Standing next to the patient, near the leg to test.

 

Action of the test:

The examiner squeezes the calf muscles, more specific the gastrocnemius - soleus complex, with his hand. By squeezing the calf the achilles tendon should normally contract resulting in plantar flexion.


Positive result:

If the achilles tendon is completly ruptured, there won’t be any plantar flexion visible. But there is a hidden snag: the m. plantaris and deep toe flexors can also provide plantar flexion. To be sure that the patient has a complete achilles tendon rupture there a 4 clinical signs that indicate this clinical view:

1.on careful inspection with the patient prone and both ankles fully relaxed, the foot on the ruptured side hangs straight down due to the absence of the tendon tone.
2.there may be a palpable gap in the tendon, approximately 3-6cm proximal to the insertion into the calcaneus.

3.the strength of the plantar flexion is markedly reduced .
4.Simmond’s calf squeeze test is positive.

Tinnel's test

 

Tinel's sign is a way to detect irritated nerves

 

Patient position:

Lying in supine.

 

Therapist position:

Standing next to the patient, near his foot.

 

Action of the test:

It is performed by lightly tapping (percussing) over the nerve to elicit a sensation of tingling or "pins and needles" in the distribution of the nerve.

 

Positive result:

The test is positive when there is pressure neuropathy of the nerve in the foot or ankle. When the nerve is not trapt behind a structure there will be a negative test and the patient will feel no pain. On the opposite when the nerve is trapt the patient will feel tingling’s in the distal area.

 
Knock test

 

Patient position:

The patient lies supine, with his foot over the end of the table.

 

Therapist position:

Standing next to the patient, near the leg to test.

 

Action of the test:

The therapist puts the patient's ankle at maximum dorsiflexion in order to obtain as congruent as possible. Then he applies a strong knock over the heel of the patient.

 

Positive result:

If the patient feels pain in the heel, can be because of a calcaneous fracture.

 

Special considerations:

This test shouldn't be done if there are evident deformities.

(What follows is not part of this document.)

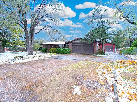 Welcome home to this Mid Century full brick ranch on almost 1/2 acre lot. Original hardwood floors in the bedrooms and formal dining room. Large living room with a full wall fireplace, perfect space for entertaining! Nice sized kitchen with cabinets to the ceiling and adjoining utility room makes laundry a breeze! Enjoy the sunroom and watch the changing seasons. The backyard is fully fenced-in, covered patio and the 3rd car detached garage has drive-thru garage doors. HVAC new 2017, all appliances stay including the washer, dryer, and freezer. Don't delay, schedule your showing today!

Subastragalar inclination test (eversion)

 

This test is used to asses tibio-calcaneus ligaments.

 

Patient position:

Patient is supine with the ankle in neutral position.

 

Therapist position:

The therapist is placed close to patient´s foot being evaluated holding with one hand tibia and fibula bones and foot with the other hand.

 

Action test:

The therapist bends patient´s foot towars lateral body line performingn an eversion.

 

Resultado positivo:

Test is positive if excesive eversion is shown.

Subastragalar inclination test (inversion)

 

This test is used to assess heel bone-fibula ligaments.

 

Patient position:

Patient is supine with ankle in neutral position.

 

Therapist position:

The therapist is placed close to foot to be evaluated and holding tibia and fibula bones with one hand and foot with the other hand.

 

Action test:

The therapist bends patient´s foot towards medial body line performing an inversion.

 

Positive result:

Test is positive if excessive inversion is shown.